First bypass solenoid valve, 10... First bypass pressure reduction mechanism, 11... Cold storage heat storage tank, 11a... Cold storage heat material, 11b... Auxiliary heat source, 12... Second bypass solenoid valve, 13... Second bypass pressure reduction mechanism, 1
4... Second bypass circuit, 15... Third bypass solenoid valve, 16... Third bypass circuit, 17
...Third pressure reduction mechanism.

Claims (1)

[Claims] 1 Equipped with a compressor, four-way switching valve, indoor heat exchanger, main pressure reducing mechanism, outdoor heat exchanger, bypass circuit and auxiliary heat source for cold storage heat operation, cold storage heat recovery operation, and defrosting operation. A refrigerating cycle is constructed by connecting a cold storage heat tank, a pressure reducing mechanism, and a solenoid valve, and defrosting is performed by detecting the temperature or pressure within this refrigerating cycle, or the amount of frost on the outdoor heat exchanger.

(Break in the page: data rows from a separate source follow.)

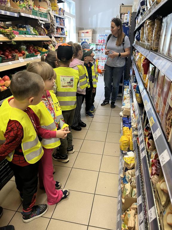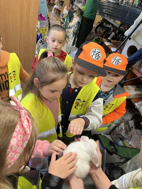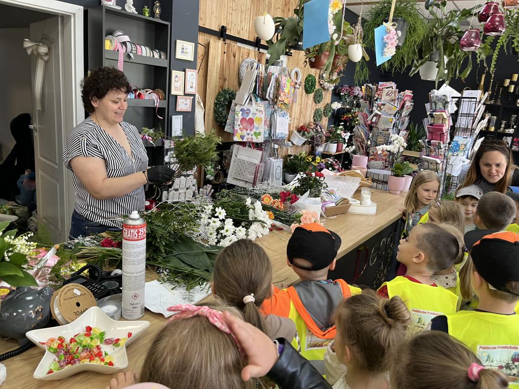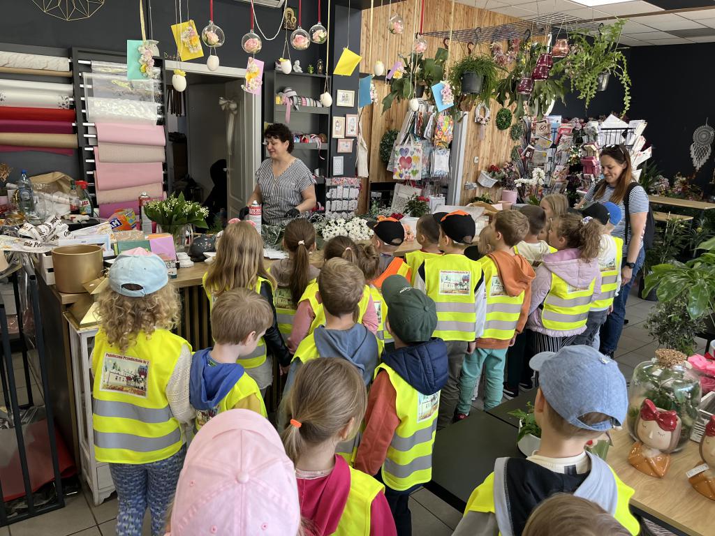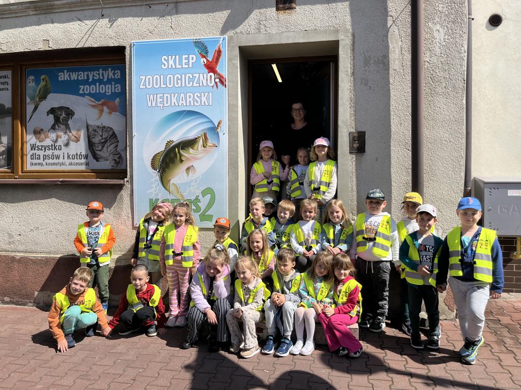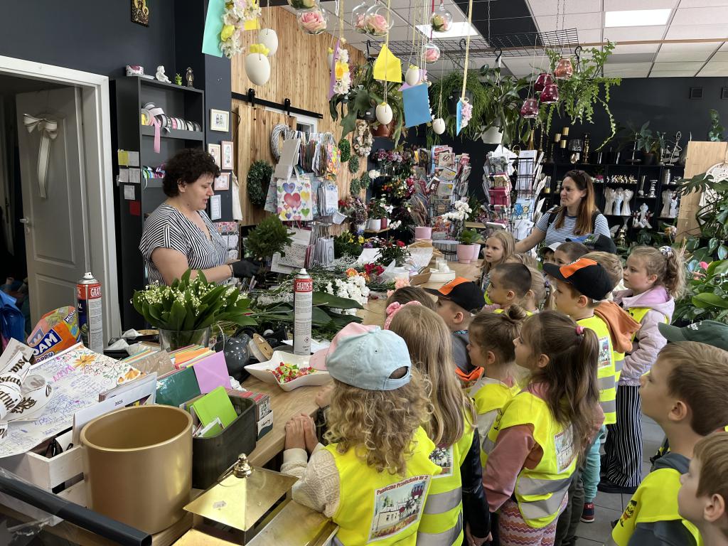 Grupa 5- latków wybrała się do pobliskiego sklepu spożywczego , zoologicznego oraz kwiaciarni. Dzieci zostały zapoznane z pracą sprzedawcy oraz florysty. Przedszkolaki miały okazje obserwować codzienną pracę oraz wyposażenie sklepów. Zwrócono uwagę na sposób robienia zakupów oraz użycie zwrotów grzecznościowych. Dzieci oglądały wszystkie półki oraz regały. Kolejnym punktem odwiedzin był sklep zoologiczny. Dzieci z zainteresowaniem obejrzały różne akcesoria niezbędne do hodowli zwierząt. Na koniec dzieci podziwiały rybki, królika oraz żółwia. Ostatnim etapem naszej wycieczki była kwiaciarnia. Przedszkolaki poznały techniki przygotowania bukietu z kwiatów, nazwy niektórych roślin oraz co można jeszcze kupić w kwiaciarni. Na zakończenie wizyt dzieci otrzymały słodkie podarunki.
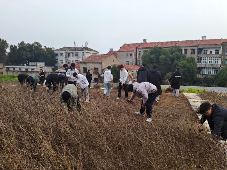 活动现场,团总支学生会成员率先垂范、踊跃在前。各部门齐心协力,分工有序,配合默契。面对丛生杂草,同学们不惧琐碎、不辞辛劳,俯身弯腰,徒手清拔,不留死角,将枯枝杂物一一归置。劳动中,大家始终洋溢着团结互助、无私奉献的热情,在挥洒汗水中妆点校园。经过共同努力,原本杂草遍地的场地变得井然有序,校园风貌为之一新。
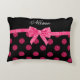 Aangepaste naam ophef roze glitter polka stips bow accent kussen
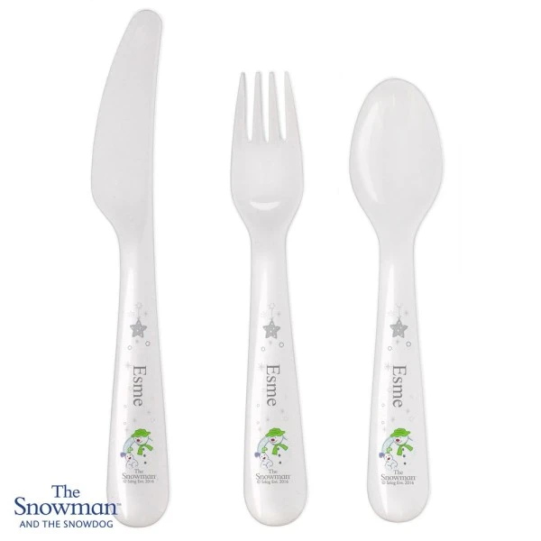 This practical 3 piece set of plastic cutlery featuring the licensed The Snowman and the Snowdog design can be personalised with any name up to 12 characters in length. All personalisation is case sensitive and will appear as entered.
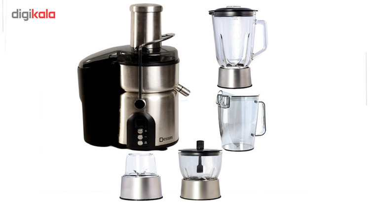 شرکت ایتالیایی دسینی (Dessini) یکی از تولید کنندگان بنام ومشهور ایتالیایی است. این شرکت در تولید انوع لوازم خانگی سابقه درخشانی دارد وبه دلیل کیفیت بسیار بالا ، طراحی های متنوع ،نوآوری ،استفاده از مواد با کیفیت، قیمت مناسب و خدمات پس از فروش این شرکت از استقبال زیادی بین مردم برخوردار است. وجود دستگاه آبمیوه گیری در آشپزخانه علاوه بر این که تنوع نوشیدنی های را که مصرف می کنیم بیشتر می کند می تواند ما را به خوردن مواد غذایی سالم عادت دهد . آب میوه گیری دسینی مدل ۳۳۳ یکی از محصولات کاربردی این برند است که عملکرد متفاوتی دارد این دستگاه چهار کاره است که علاوه بر عمل آبمیوه گیری دارای یک پارچ مخلوط کن به ظرفیت 2 لیتراست همچنین یک ظرف آسیاب و یک خرد کن به همراه این مدل به مشتری ارایه می شود. بدنه از جنس استیل و مقاوم در برابر زنگ زدگی است. موتور ۱۶۰۰ وات دستگاه قابلیت کار کردن در 5 سرعت را دارد و از توان آب میوه گیری فوق العاده ای برخوردار است بر روی این بدنه دکمه های فشاری تعبیه شده است که تنظیمات دستگاه از طریق آن انجام می شود. یک نمایشگر دیجیتال نیز در کنار این دکمه ها قرار گرفته است وجود این نمایشگر مشاهده و تغیر تنظیمات را راحت تر کرده است . از دیگر ویژگی های این دستگاه دهانه ورودی عریض آن است که به راحتی میوه های کامل مثل یک سیب کامل به قطر 75mm در خود جای می دهد پس از قرار گرفتن میوه در دهانه با استفاده از فشاری همراه دستگاه می توان میوه را به داخل دهانه هدایت کرد. مخزن تفاله برای این دستگاه در نظر گرفته شده که قادر به ذخیره سازی تفاله است .این مدل به گونه ای طراحی شده که از لغزش دستگاه در هنگام کار جلوگیری می کند و جنس بدنه و تیغه آبمیوه گیر استیل ضد زنگ است که در اثر استفاده و به مرور زمان زنگ نزده و فرسوده نمی شود. وجود سیستم ضد چکه از کثیف شدن فضای اطراف جلوگیری می کند همچنین سیستم ایمنی این دستگاه از بالا رفتن حرارت به دلیل استفاده طولانی مدت جلوگیری می کند. اجزا قابل جدا شدن و قابل شستشو می باشند.

A frost formation detection means detects whether or not operation is necessary, a tank temperature detection means detects the temperature in the cold storage heat tank, the frost formation detection means outputs a defrosting required signal, and the tank temperature detection means A timer that operates when a signal equal to or lower than a set temperature is output, a heating output means that operates an auxiliary heat source for a set time based on the operation of the timer, and a defrosting output means that outputs a defrosting operation signal after the time set by the timer has elapsed. , when performing a defrosting operation during heating operation using the refrigeration cycle, the temperature of the cold storage heat material in the cold storage heat exchanger and the amount of frost on the outdoor heat exchanger or the temperature inside the refrigeration cycle;
The pressure is detected, and if the temperature of the cold storage heat material is below a certain set value, the auxiliary heat source that heats the cold storage heat material in the cold storage heat tank is operated before the set time to start defrosting operation, and the defrosting operation is started. A method for controlling the operation of a cold storage type air conditioner that makes it possible to secure the amount of heat for the cold storage heat in the cold storage heat material.